Tra i molteplici aspetti che ebbe la Resistenza e di cui si
è ampiamente discusso in relazione al saggio sulla
guerra civile e la moralità della Resistenza di Claudio
Pavone, questo lavoro ne considera un altro sottaciuto e non
meno rilevante e cioè l’aspetto internazionalista. La
Resistenza fu lotta comune di popoli che attraversò,
coinvolse e unì, ponendoli fianco a fianco, uomini e
donne di tutte le nazionalità ovunque si trovassero o
li avesse portati la guerra.
Se si va a scorrere in effetti gli elenchi dei combattenti
delle varie formazioni partigiane ed anche da quanto emerge in
cenni e riferimenti di molta memorialistica, si può
vedere la ricca presenza di stranieri nella Resistenza
italiana, non solo jugoslavi - certamente i più
numerosi e con importanti ruoli dirigenti - ma anche
provenienti da numerosi altri paesi, arrivati in Italia come
prigionieri politici o di guerra o come ausiliari subalterni
dell’esercito tedesco che abbandonavano, presentandosi
l’occasione. Ci furono così combattenti russi,
albanesi, inglesi, ungheresi, polacchi, cecoslovacchi,
neozelandesi, sudafricani, somali e anche tedeschi.

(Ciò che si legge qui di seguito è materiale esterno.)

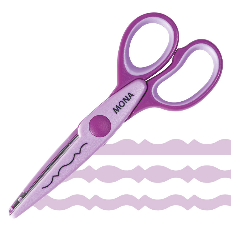 Nożyczki przeznaczone do wycinania ozdobnych wzorów w papierze. Ostrze zaprojektowano w ten sposób aby było bezpieczne w użytkowaniu dla dzieci. Nożyczki można wykorzystać do prac plastycznych, tworzenia w technice scrapbookingu, kart okolicznościowych itp. Na plastikowej części nożyczek nadrukowano wzór taki, jaki powstaje podczas cięcia. Nożyczki z systemem Soft Touch - posiadają ogumienie wewnątrz otworów na palce. Ostrza wykonane z metalu odpornego na rdzę.
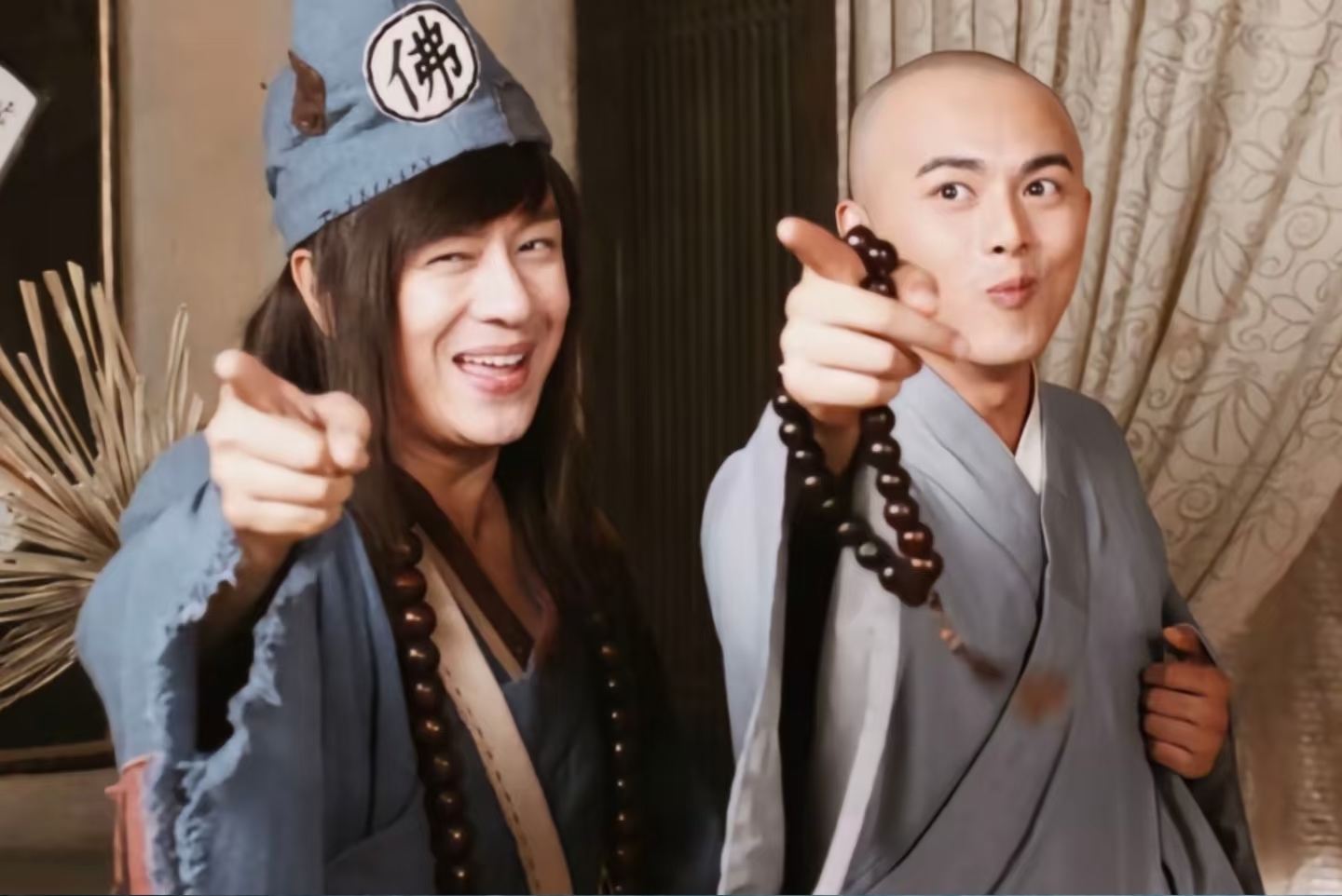 记得在这部剧中,叶祖新饰演的必清就是个憨萌憨萌的小和尚,光头圆脸蛋,整天跟在广亮师叔屁股后面。

Partigiani
che non si sentivano stranieri e non erano trattati da
stranieri, i quali – analogamente a quanto avveniva per
gli italiani in Jugoslavia e in altri paesi - non ebbero
semplicemente ruoli di fiancheggiamento, ma furono parte
integrante della lotta comune, con funzioni di
responsabilità e talvolta anche di alto comando.
Il libro ricorda i comandanti e commissari politici di
famosi battaglioni delle brigate Garibaldi
nell’Italia centrale, come quelli intitolati al “maresciallo
Tito” della brigata “Spartaco” e a “Stalingrado” della
Garibaldi-Pesaro; ma anche che a capo delle formazioni
partigiane della Liguria che inflissero la più dura
sconfitta alle superbe divisioni tedesche c’era lo slavo Anton
Ukmar, operaio figlio di contadini originario di Capodistria
(Koper), formatosi alla scuola dell’Internazionale comunista.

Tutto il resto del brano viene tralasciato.